Danger Spots when Getting Rich Quick!

December 03, 2010

When I read the article, Getting Rich Quick: True Tales of Overnight Millionaires, I had a few thoughts (which means that I’ll probably write mores blogs about it).  The first thought was, “All I need is that one great idea and I’ll be in the ranks of overnight millionaires.”  Then, I thought about how long it takes to be an “overnight success,” and how many instant millionaires (lottery winners, recipients of lawsuit proceeds, inventors, etc.) I have seen during my career and how many have blown through the money as fast as they received it.  Getting “rich” is difficult, but staying there is even harder.

One of the major obstacles to remaining wealthy, once your wealth has been acquired, may be the people you love.  There is nothing like an abundance of cash being available (and people knowing that you have it) to bring out a seemingly endless line of people who need “just a little help.”  I’m all in favor of helping those less fortunate and those you love, but I’d hardly call helping your best friend from 2nd grade (who you have haven’t seen in 25 years) start a music label anything resembling a charitable endeavor.  People are often amazed by the number and types of requests they receive from people they have known their whole life when a sudden inflow of money occurs.  Human nature is to want to help, but there has to be limits!  Helping friends and family is a good thing, until it’s so much that it’s the worst thing ever.

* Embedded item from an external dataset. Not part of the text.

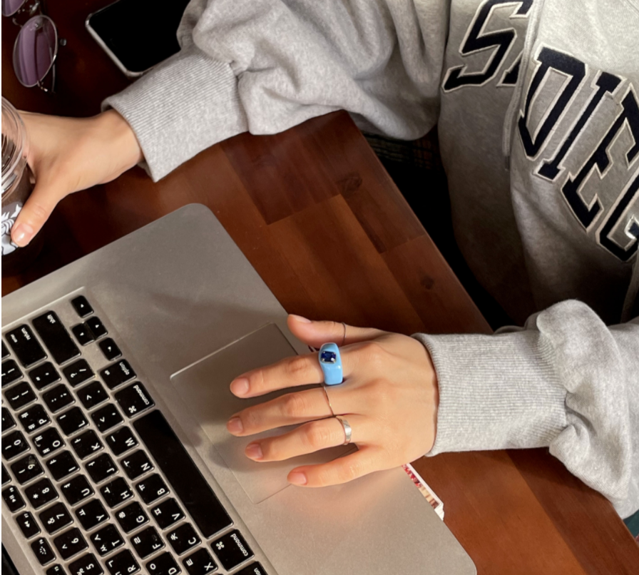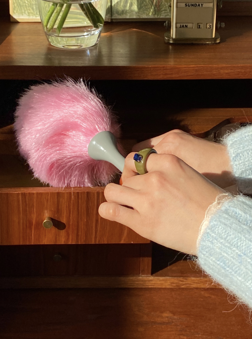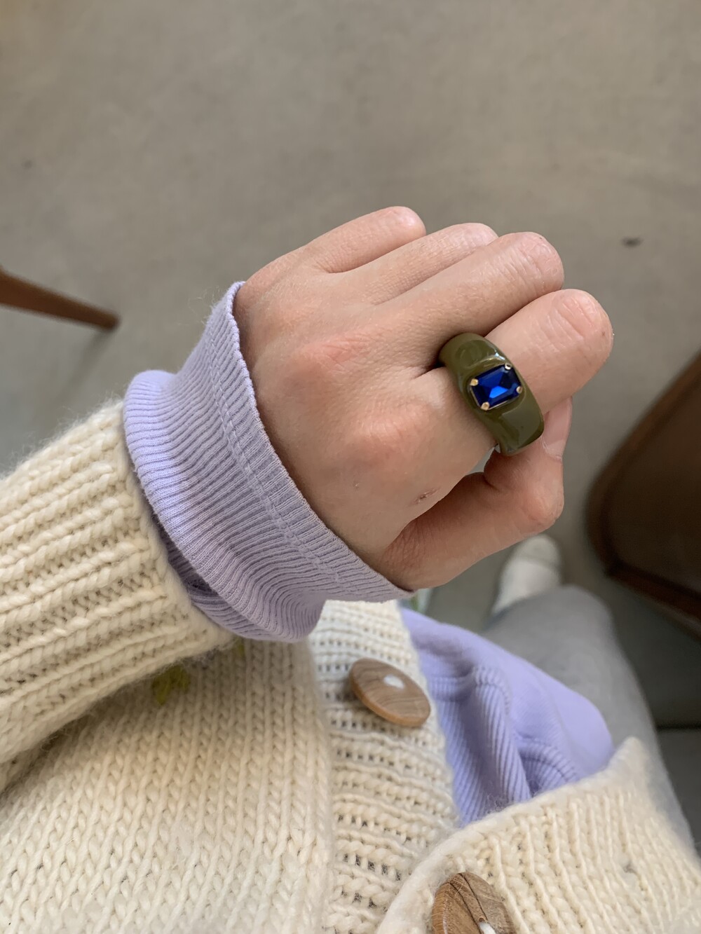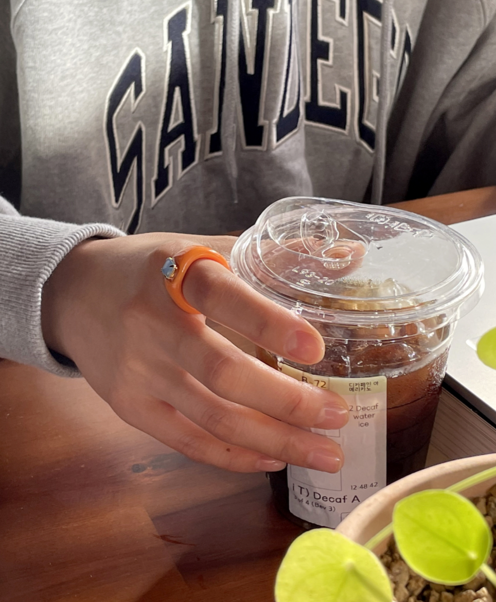 포마이카 소재의 반지입니다. 포마이카 소재의 바디는 변색에 강하나, 금속 부분은 물기가 닿지 않게 보관해주세요.
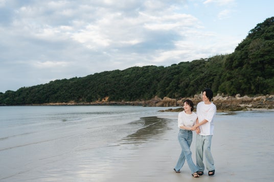 私服でビーチを散歩する、自然体なふたりの様子。

Spending on extravagant purchases is another way I have seen “instant millionaires” become candidates for bankruptcy in a short period of time.  Should you celebrate?  Absolutely!  But in all things, moderation.  The quickest way to lose a fortune is to spend a fortune!  There is an abundance of stories about people who have lost their fortune by spending on houses, cars, jewelry, gifts, travel, etc.  Even those with significant wealth need to have some spending discipline.  Budgeting isn’t just for “the rest of us,” it matters to millionaires too.

Another area that “helps” people lose their wealth is poor financial advice.  Unfortunately, the Bernie Madoff scandal only served to illustrate that not all people in the business of money management are honest and ethical.  The overwhelming majority of financial planners/ financial advisors are of the highest integrity.  Those who aren’t can tarnish the reputation of the industry, though.  Poor advice from tax, legal and financial professionals has been ruinous for some.  Here’s a quick article on how to choose a financial planner.  The time-honored expression “if it sounds too good to be true, it probably is” should be a starting point for evaluating advice.  I’ll address this topic in more depth in a future blog, too.

Should you, through your hard work and effort, become an “overnight success” (or if you’ve already built your wealth), beware of a few danger spots.  Your desire to help people you know and love, your “new” spending habits, and poor financial advice are the fastest ways I have seen people lose the fortune they made.  If you can successfully avoid those traps, the hard job of staying wealthy can be accomplished.